─── Available data

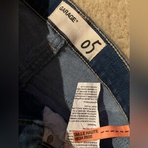 Women's Garage High Rise Denim Jeans Medium Wash size 5. Dark along the sides. Frayed bottoms. Smoke free home.
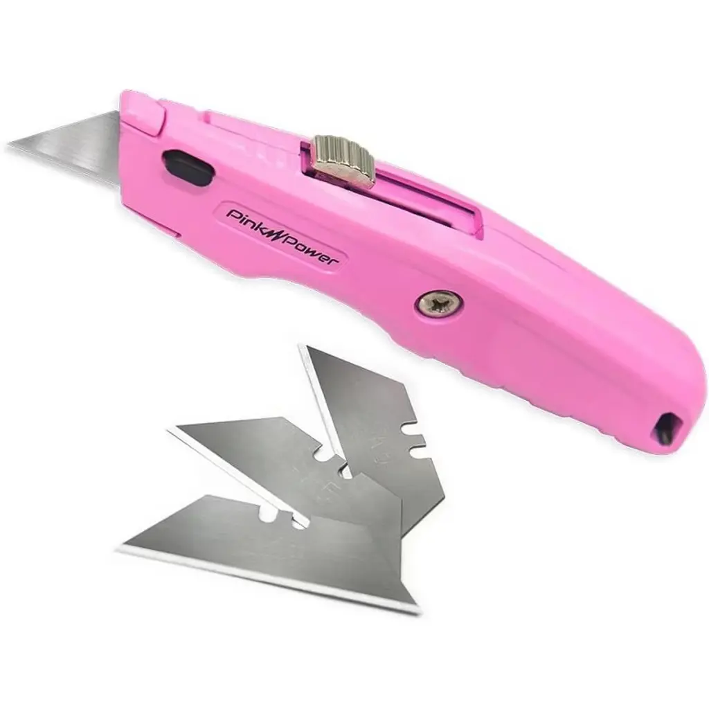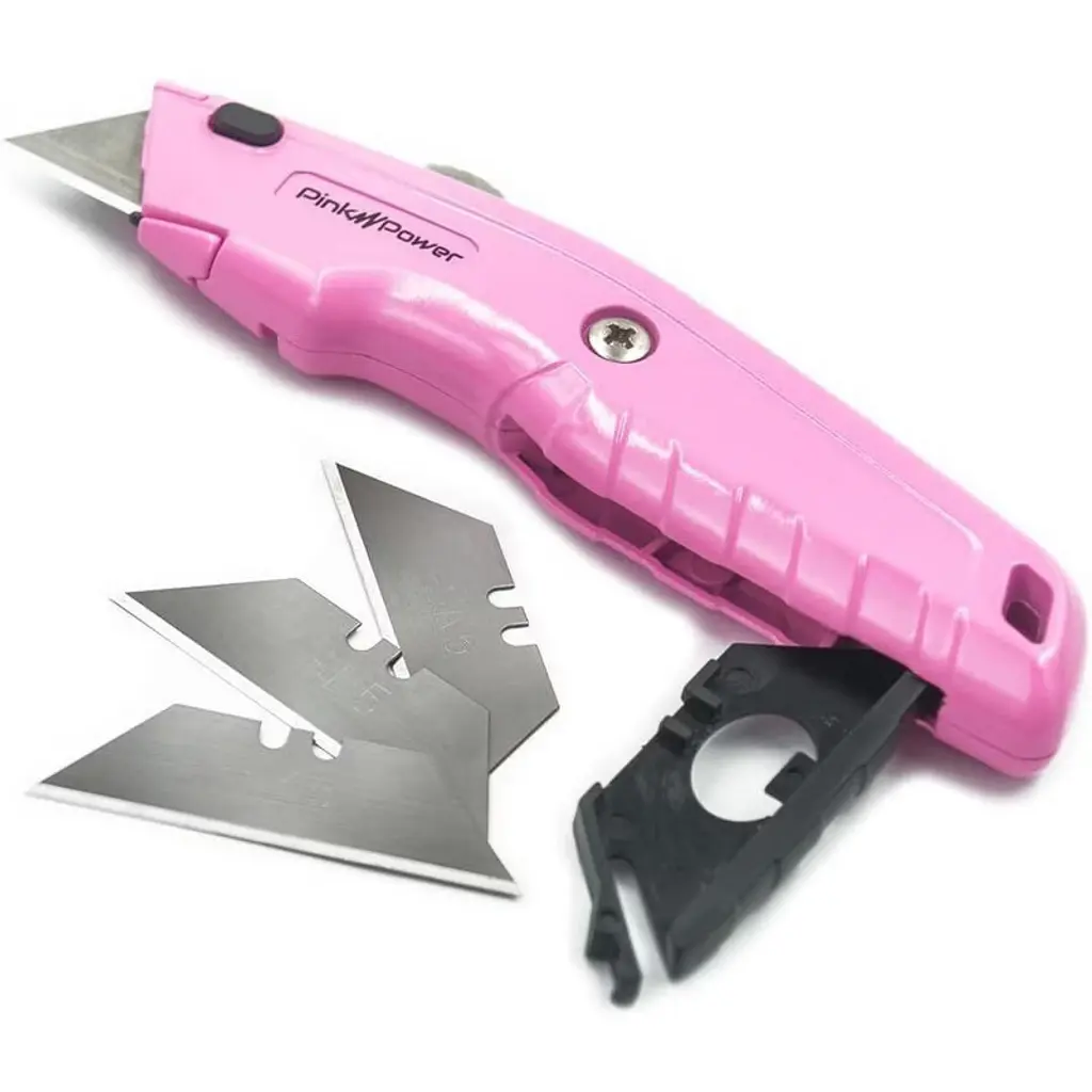 Pink Power Pink Box Cutter Retractable, Pink Utility Knife For Carpet, Cute Box Cutter Knife Heavy Duty With 3 Blades And Storage Compartment
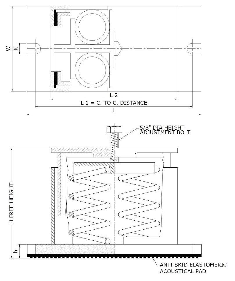 Type “Y-4” series mounts with one inch deflection solves troublesome vibration problems. These mounts are preferred over most rubber mounts due to the high static deflection of the springs. “Y-4” series spring mounts are designed for noise and vibration control applications in critical areas on concrete or wooden floors.
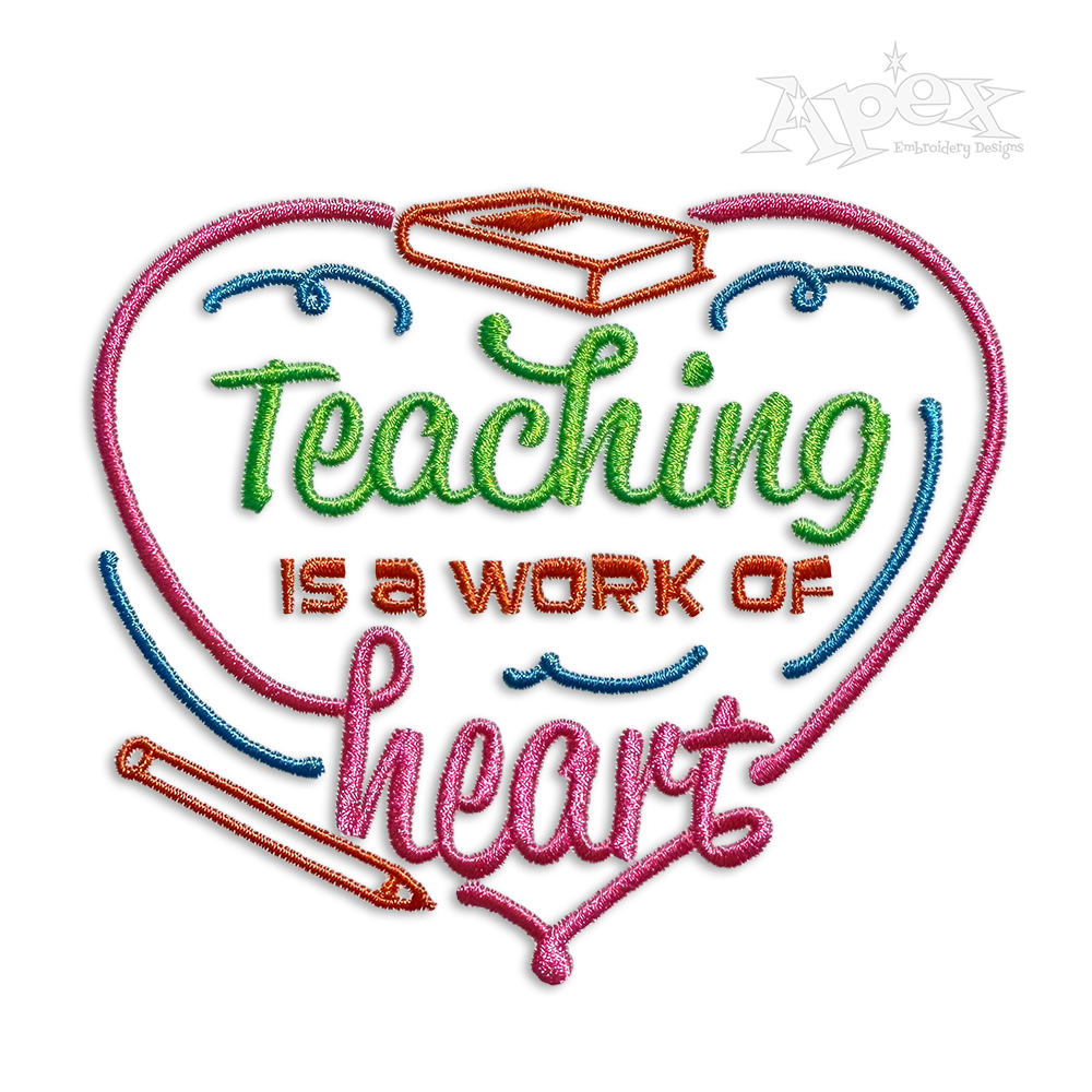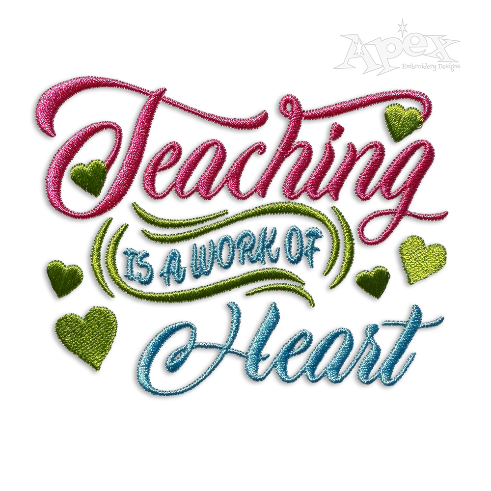 Teaching is A Work of Heart Embroidery Instant download. You will receive one single zip file that will include all sizes.
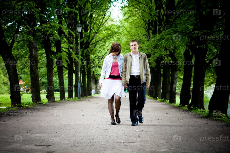 Молодая влюбленная пара прогуливается по парку
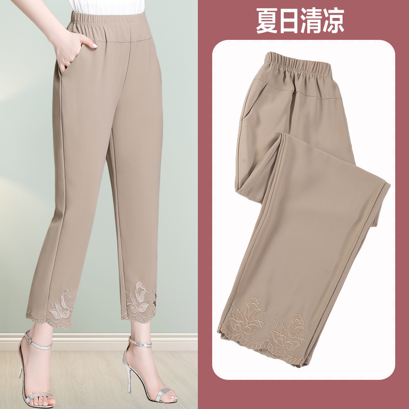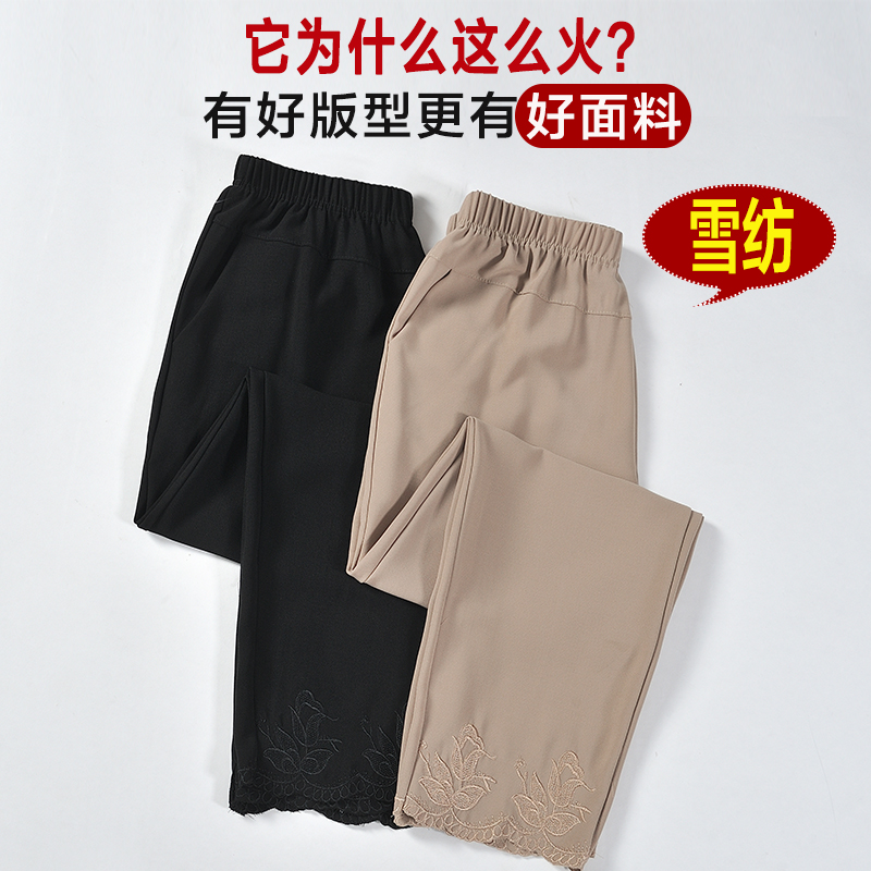 恒源祥官方正品妈妈裤子夏季薄款九分裤高腰直筒中老年人女裤宽松
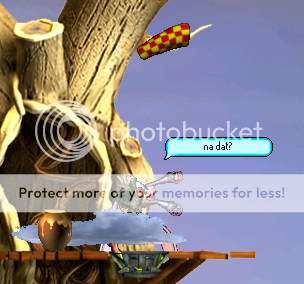 Minty (mlohse) still hasn't quite made the drop off the lookout tower. He's currently fascinated with the red-and-yellow checkered... weather vane? I'm not sure what exactly that thing is called, but whatever it is, it's certainly caught Minty's attention. I love how the cloud is hovering over him like some sort of well-timed censor bar. Mintyyy, what are you doing up there?
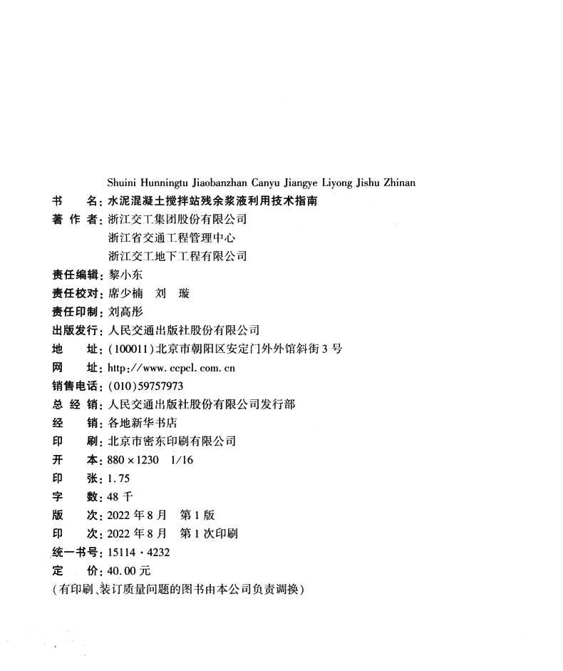书名:水泥混凝土搅拌站残余浆液利用技术指南

──────

_Instructions for the task_. Before answering, find the line with "Pink Power Pink" in the records above; then reproduce exactly each line from the first through that line, leaving out pictures.

_Output for this task_.
 Women's Garage High Rise Denim Jeans Medium Wash size 5. Dark along the sides. Frayed bottoms. Smoke free home.
 Pink Power Pink Box Cutter Retractable, Pink Utility Knife For Carpet, Cute Box Cutter Knife Heavy Duty With 3 Blades And Storage Compartment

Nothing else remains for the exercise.